なんだろうか、このザワリとした感覚と焦燥感。
アーロンがこのまま死んでしまうかもしれないと、もう二度と会えなくなるかもしれないと考えて、恐怖を覚える。
先程から船が動き出した音も振動もなく、どうしたのかと疑問が浮かぶ。
もしかしてまだユウナ達が戻らないのだろうか?
その時、バタバタと足音を立ててリュックが部屋に飛び込んできた。
「ラフテル! 大変!大変!! すぐ来て、あっちのラフテルんとこに変な奴が!」
「…落ち着けリュック。 …変な奴!?」
まさかシグバール?
だが案内をユウナ達に任せた筈だ。
ユウナとパインはどうしたんだ?
急かすリュックの後について、私が眠っているという部屋へ走る。
アーロンの傍を離れるのは心苦しかったが、ユウナが戻らなければ船は出発しない。
奴が1人でここに来たのはユウナ達と何かあったから。
その理由も聞き出さねばならない。
リュックが駆け込んだ部屋には医務室の表示。
扉を開くと、そこはまるで…。
「これは…!」
「ラフテル~…」
私の背にしがみつくようにして、リュックは後ろから私の前方を指差す。
幻光虫の飛び交う、さながら異界の一角のような部屋の壁に背を預けた黒いコートの人物がこちらをじっと見つめていた。
「…シグバール、…彼女達は? 何も…「しないしない」…」
私の言葉を遮って、手を振ってみせる。
「この場所は知ってたし、俺達にとって移動距離なんて意味はないし、仔猫ちゃんの手を借りるまでもないってハナシ」
「…そうか」
「ちょっと、ユウナ達はどーしたのよ!」
「どうもこうも、何もしてないと言ったはずだ」
「大丈夫だリュック、こいつは平気で嘘をついて簡単に人を騙すが、今は信じていい。 ユウナ達がこちらに向かってくる気配も感じるし、間もなくここに来るだろう」
「ホント!? よかった~」
リュックは私の背に凭れ掛かるようにして大きく嘆息した。
何を言ったかはわからないが、シグバールは余程リュックを怖がらせたようだ。
そのシグバールが、私の言葉を待つかのようにじっとこちらを見つめ続ける。
私は小さな溜め息を1つ溢して、寝台の上で眠っている私自身に視線を向けた。
薄暗い部屋に無数に飛び回る幻光虫。
その虹色の光を受けて、もう1人の私がそこにいる。
「さっきも言ったはずだ、シグバール。 あんたが望む答えはここにはない。 あんたの最後の質問には答えた。 他に何を望むんだ」
「俺にはイマイチよくわからないんだが、つまり、あんたは死んでるってことなのか?」
「その通りだ。 あんたが殺したファレルクスは、あんたの仲間の科学者が作り出した人形に私の記憶を植え付けただけのもの。
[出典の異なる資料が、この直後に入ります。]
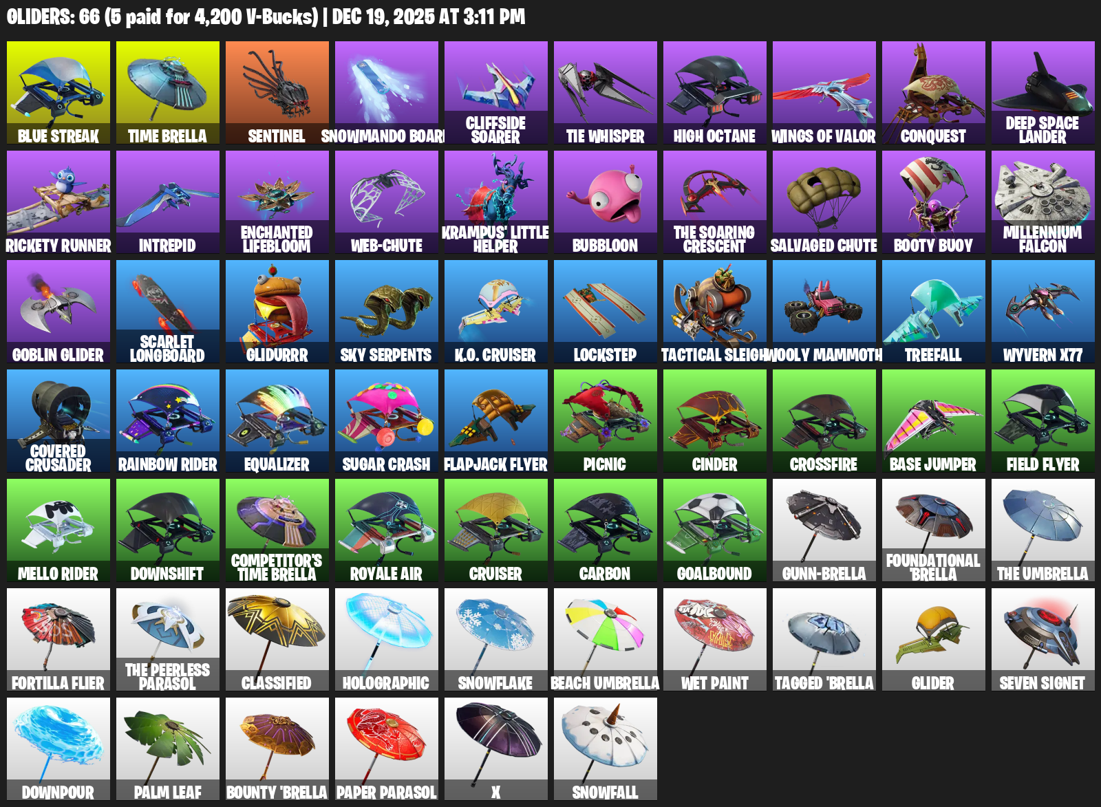 Time Brella, Sentinel, Snowmando Board, Cliffside Soarer, TIE Whisper, High Octane, Conquest, Deep Space Lander, Rickety Runner, Intrepid, Enchanted Lifebloom, Krampus’ Little Helper, Bubbloon, Salvaged Chute, Booty Buoy, Millennium Falcon
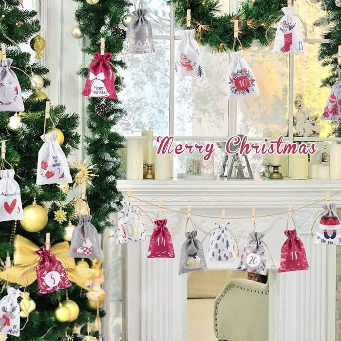 Parfait pour Noël, sapin de Noël, fête de Noël. Description de 24 sacs de Noël, calendrier de l'Avent, pochette à cordon, cadeau à suspendre 1. Design exquis et unique : 24 étiquettes autocollantes numérotées de 1 à 24, réutilisables chaque année, pour un calendrier toujours différent. 2. Fabriqué en lin, bambou, chanvre et bois de haute qualité, matériaux naturels, sûrs et agréables au toucher, sans odeur désagréable. 3... Cordon lumineux de Noël 3 pcs Rennes 229 LED Kit de équiper les guirlande, c'est aussi possible utilise dans la vie quotidien comme un sac de rangement. Petite Pochette Cadeau Noel YJZQ Sachets Pochette Cadeau Noël Sac Avec Cordon à Suspendre 24 Pcs Cadeau Invité Noel Idéal pour les adultes et les enfants : cachez-y de délicieux chocolats, des friandises, du rouge à lèvres, des cosmétiques et faites une petite surprise à vos proches sacs de calendrier: Décoration pour DIY, sac cadeau en tissu avec cordon de serrage avec autocollants pour sac à suspendre, facile à utiliser, léger, petit et joli. Multi application pour rangement: Pochettes résistant à l'usure qui sont Recycles et réutilisables pour faire une petiite économie.
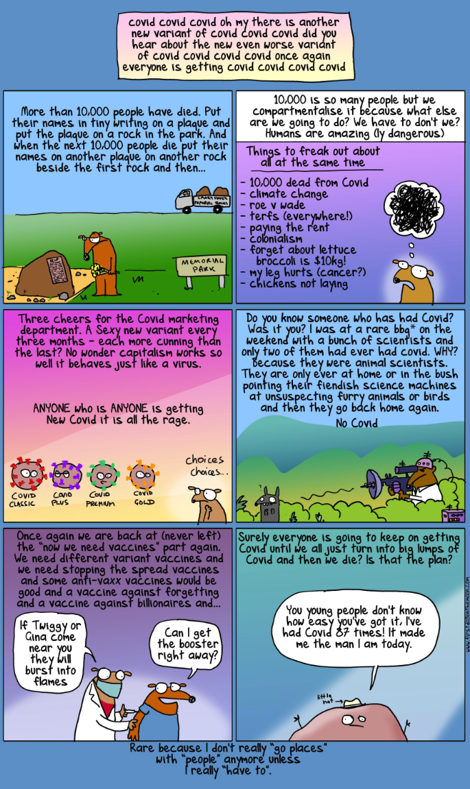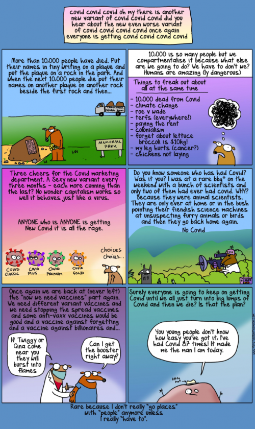 First Dog on the Moon does adequately capture our current sense of the state of the pandemic, although saying “10,000 dead” is so quaint — but then, it’s an Australian comic. American policy has been so consistently stupid that we have over 1,000,000 dead here. Also, I don’t know what a “bbg*” is, someone will have to explain it to me.

それは私と同じ姿や記憶を持ってはいても、私ではない。 ファレルクスという存在は、あの時完全に失われたんだ。
…あんたは教えてくれた。 心の闇から生まれた存在と、魂の脱け殻である存在しないもの。 元は1つだったものを元に戻せばどうなる?」
シグバールはじっと私の言葉を聞いていた。
私はゆっくり寝台に近付き、そして眠っているもう1人の私にそっと触れた。
その瞬間、私達の体を形造っていた無数の幻光虫が一気に光を放ち、部屋の中を明るく照らした。
突然の眩しさに短い驚きの声がいくつか上がった。
眠っていたもう1人の私がこちらの世界で体験した数々の記憶が流れ込んでくる。
アーロンが必死に私を探し求めた理由が、よくわかった。
彼になんて酷い仕打ちをしてしまったのだろう。
どれだけ辛い思いをさせてしまったのだろう。
彼に対する申し訳ない気持ちと、自分が取った言動と、愛しいという想いと、他のたくさんの気持ちや感情が溢れて混ざり合って、弾けそうになる。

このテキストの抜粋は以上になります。